Constructing self-supported Pt/MoO2 on molybdenum mesh for a highly efficient hydrogen evolution reaction

Jin Li, ORCID logo a   Panpan Zhang,a   Yunli Yang,a   Jian Zhang, ORCID logo b   Meisa Zhou,c   Heng Zhang, ORCID logo *d   Guilong Liu, ORCID logo a   Naiteng Wu, ORCID logo *a   Changzhou Yuan ORCID logo *e  and  Xianming Liu ORCID logo *a  

* Corresponding authors

a College of Chemistry and Chemical Engineering, and Henan Key Laboratory of Function-Oriented Porous Materials, Luoyang Normal University, Luoyang 471934, P. R. China

b New Energy Technology Engineering Lab of Jiangsu Province, College of Science, Nanjing University of Posts & Telecommunications (NUPT), Nanjing 210023, P. R. China

c School of Materials Science and Engineering, University of Science and Technology Beijing, Beijing 100083, P. R. China

d Science Island Branch of Graduate School, University of Science and Technology of China, Hefei, P. R. China

e School of Materials Science & Engineering, University of Jinan, Jinan, P. R. China

Abstract

It is an effective strategy to enhance platinum (Pt) utilization and lower the catalyst cost by loading Pt on a self-supported electrode. In this work, we employ a molybdenum (Mo) mesh both as the source of Mo and the self-supported electrode. Through a successful combination of the spray and calcination methods, Pt is efficiently loaded onto the self-supported molybdenum dioxide (MoO2) electrode, achieving a Pt loading content of only ∼0.67 wt%. Simultaneously, three-dimensional (3D) MoO2 exhibits a structure comprised of nanosheets, each possessing perforations.
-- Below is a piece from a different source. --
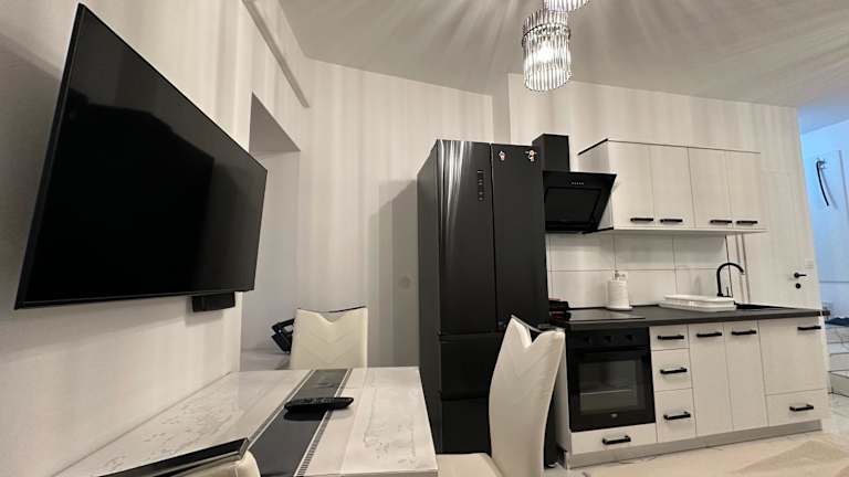 Das Apartment verfügt über ein Schlafzimmer, ein Badezimmer mit Dusche und ist mit einem Flachbild-TV mit Kabelkanälen sowie einer gut ausgestatteten Küche mit Kühlschrank und Ofen ausgestattet. Handtücher und Bettwäsche werden bereitgestellt.

As expected, the prepared electrocatalyst demonstrates exceptional performance, manifesting an overpotential of 26.8 mV at −10 mA cm−2, a Tafel slope of 59.2 mV dec−1, and a noteworthy durability of over 240 hours. Both experimental studies and theoretical calculations affirm that the catalyst's outstanding performance stems from the strong interaction between Pt and MoO2, the distinctive structure of MoO2 with perforated nanosheets, and the self-supporting characteristics of the electrode. This work introduces an efficient method for constructing self-supporting heterojunctions, thereby advancing the development of electrocatalytic hydrogen evolution.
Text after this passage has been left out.